Degree Requirements
The graduate program in cultural production involves one academic year in residence at Brandeis in which students complete eight semester courses and a master's paper or project. In consultation with the program director, each entering student also selects one of three clusters, listed below, as an area of concentration.
Courses of Instruction
- CP 201a Making Culture: Theory and Practice (required)
- CP 202b Internship in Cultural Production (required)
- CP 203a Directed Research in Cultural Production for M.A. Students (required)
- Two courses in student's concentration cluster, one of which is identified as a core course in that cluster
- Two elective courses, one from each of the other two clusters
- One additional course from the program's electives or another Brandeis course approved by the director
Note: There is no foreign language requirement for the master's degree.
M.A. Thesis Option
Under exceptional circumstances, a student may petition the director of the program for permission to write a master's thesis, rather than the normally expected master's paper. It is expected that the thesis will be in the 75- to 100-page range.

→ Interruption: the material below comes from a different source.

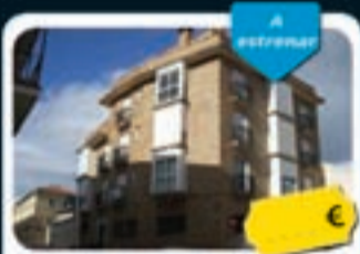
Carabanchel (Madrid) Paulina Odiaga, 46

Viviendas de 43 m 2 a 49 m 2 . Con parque, cocina americana amueblada y preinstalación de aire acondicionado. Los áticos tienen amplias terrazas.

The thesis must involve independent research and represent an original scholarly contribution. A two- to three-page written proposal to write a thesis, signed by the student's adviser, should be submitted to the director within the first four weeks of the semester in which the student intends to graduate.
The completed thesis will be evaluated by two faculty members, selected by the director in consultation with the student. The student is responsible for submitting an electronic copy of the thesis in accordance with university regulations.
Concentration Clusters
Cluster 1: Performance: Object / Body / Place
Courses in performance theory, theater, discursive practice, embodiment, mythopoesis, adornment, and the city as lived text.
Cluster 2: Visuality: Image / Media / Signs
Courses in comparative experiences of vision, cinema, television, semiotics, digital and other new media, Internet studies, materiality, photography, advertising, and mass communications.
Cluster 3: Memory: Museum / Preservation / Archives
Courses in historical consciousness, the cultural politics and poetics of museums and memorials, traumatic memory, historiography, artifact conservation, documentation, and archival practice.